A key challenge in the Tap2Drum task is timbre leakage: while the generated stem should exhibit close adherence to the rhythm prompt, its timbre should be independent of the rhythm prompt. To address this, we use non-negative matrix factorizaion (NMF) to obtain our rhythm features. NMF decomposes a magnitude spectrogram $`S`$ of a rhythm prompt into a product of matrices, $`S=WH.`$ The basis matrix $`W`$ encodes timbre information, and the activation matrix $`H`$ encodes timing information. In particular, the indices of the rows of $`W`$ and the columns of $`H`$ correspond to different timbre classes. To obtain our rhythm features, we ignore the matrix $`W,`$ leaving us with a matrix $`H`$ of the activation times of each timbre class. Hence, the rhythm-feature representation is MIDI-like: for a beatboxing track, it would contain the onset times and timbre-class indices of each note, but no information about the underlying vocal timbre. Crucially, we sort the timbre classes in decreasing order of total component energy, roughly corresponding to kick, snare, and hi-hat for the first three classes. This way, the model can identify the timbre classes without knowing the timbre information matrix $`W.`$

Fine-Tuning

Our base model, STAGE, is a MusicGen-Small model fine-tuned for generating drum stems conditioned on a drumless mix. During training, the authors prepended the input with the audio tokens of the drumless mix, followed by a delimiter token. Therefore, at inference time, the drum stem generation is framed as a continuation task, with the input mix as the prompt. The authors found this prefix-based conditioning method to be superior to cross-attention in their work . We retain this mechanism for conditioning on the drumless mix, using a different approach to augment STAGE with fine-grained rhythm control.
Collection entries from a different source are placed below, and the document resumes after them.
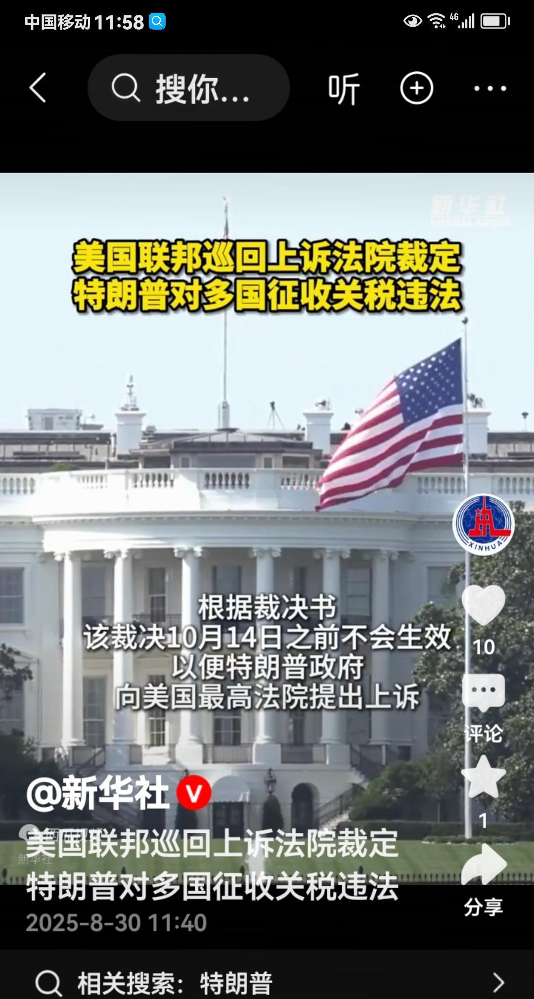 迎头一闷棍,美国巡回上诉法院,裁定特朗普对多国加征关税违法。 弄半天,川普搞得全世界鸡犬不宁的收税法案,原来连国内法律都不承认。 [信息来源:新华社。2025,8,30]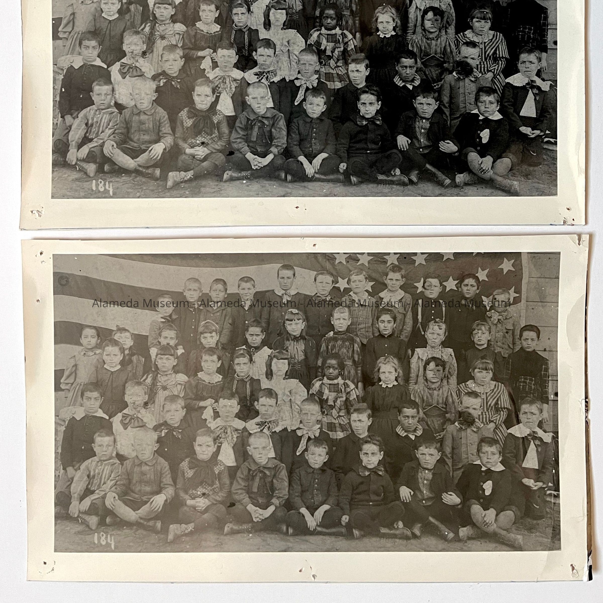History of Object: School class photo taken in front of a U.S. flag backdrop. The year, grade, and students' names are unknown. Two different photos of the same class.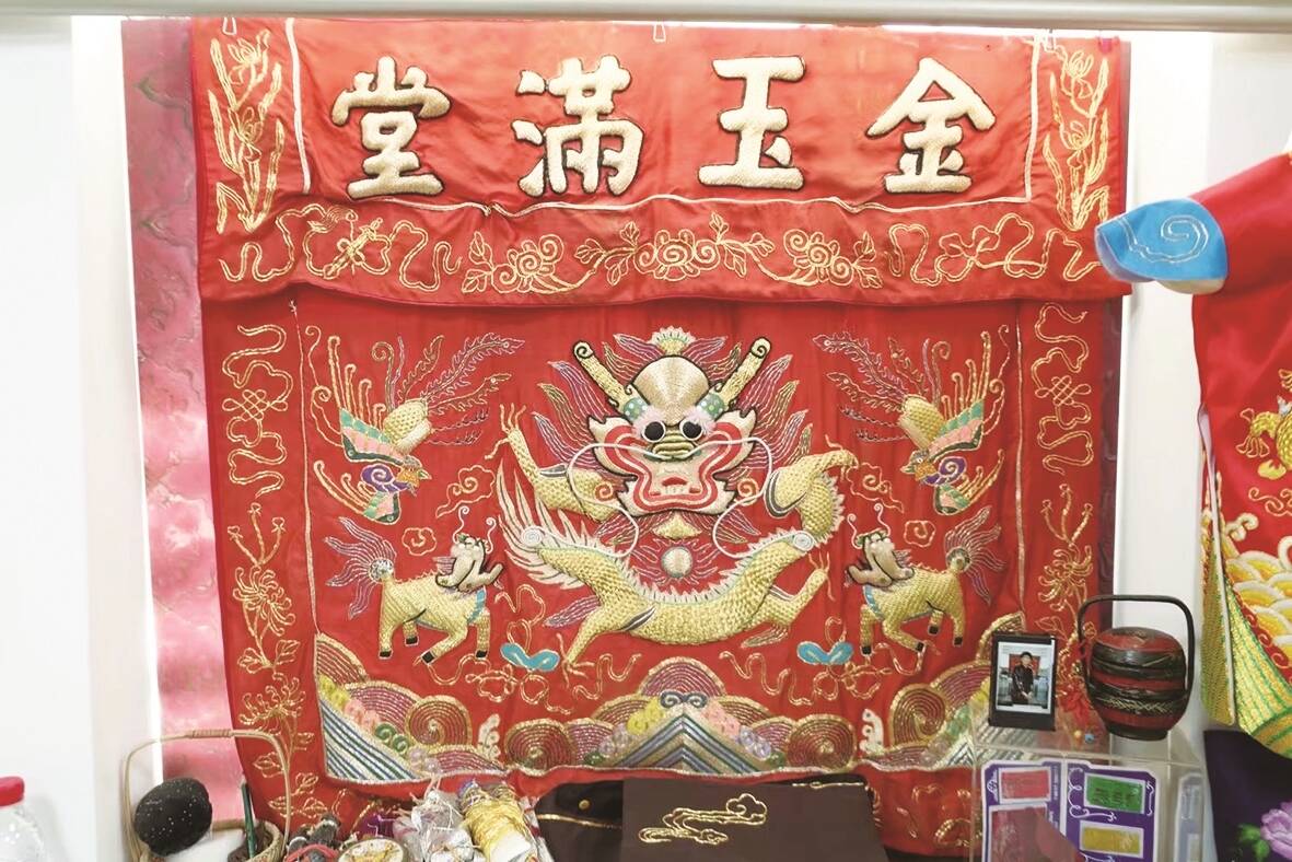 走进陈克忍位于泉州孝感巷的工作室,笔者一下子就被她的绣品吸引。那些神龙、麒麟、金鱼等吉祥图形栩栩如生、金碧辉煌。热情好客的陈克忍,见有客人来访,便上前介绍起来。

During fine-tuning, we freeze approximately $`80\%`$ of the parameters of STAGE. First, we freeze the text encoder and audio token embedding modules. Then, we utilize two fine-tuning strategies proposed in : jump fine-tuning and adaptive in-attention. Under jump fine-tuning, only the first self-attention layer in each decoder block is fine-tuned, while the remaining three layers are frozen. In adaptive in-attention, the conditioning signal is reintroduced at the first layer of each block; this mechanism is applied to the first 75% of the blocks. For example, for a decoder with 48 self-attention layers, we would have 12 self-attention blocks. All layers except $`0,4,8,12,\ldots,44`$ would be frozen, and the rhythm condition would be reapplied at layers $`4,8,12,\ldots,32.`$

For our dataset, we use FMA Small, extracting drum stems using Demucs . We perform data augmentation on both the musical context and rhythm prompt, including tempo and pitch shifting, Guassian noise, and band-pass filtering, each applied independently with probability $`0.25`$. Any augmentation applied to the drumless mix is also applied the ground-truth drum stem during training to encourage consistency between the stem and the mix. We train on random 10-30 second chunks of audio, using log-uniform sampling to favor shorter lengths. This yields an average input length of $`18.2`$ seconds, corresponding to an expected duration of about 6 hours for the entire training set. Training was performed on an A100 GPU for 7 epochs with a batch size of 4, spanning 2 hours.

Experimental Setup

We compare our model against STAGE and TRIA , comparing audio quality, musical coherence, and rhythm prompt adherence, both overall and within particular timbre classes. We use the MUSDB18 dataset for musical coherence and AVP Beatbox dataset for rhythm adherence.

Audio Quality

We personally evaluate audio quality in a subjective manner. Overall, we perceive the audio quality as quite poor, with frequent artifacts and non-drum instrument sounds in the background. We suspect that these issues originate from the stem separation step during our dataset creation. Errors in stem separation are known to manifest as bleed and artifacts , which align with our observations. In future work, we wish to experiment with alternative stem separation models, as well as datasets that contain ground-truth stems, to evaluate this claim.

Rhythm Prompt Adherence

We separate rhythm prompt adherence into timing accuracy, measured by Onset F1, and timbre class accuracy, measured by Kick and Snare F1. For onsets, we use a 70ms tolerance and perform onset detection on the generated and ground-truth stems using Beat-This . For timbre class adherence, we use FrameRNN to transcribe the generated drum stems and compute the F1 score of the kick and snare onsets, using the standard 30ms and 100ms tolerances , respectively. Note that while we attempted to transcribe the ground truth beatboxing tracks from AVP, the accuracy was extremely poor, and we instead used the ground-truth annotations provided by the dataset.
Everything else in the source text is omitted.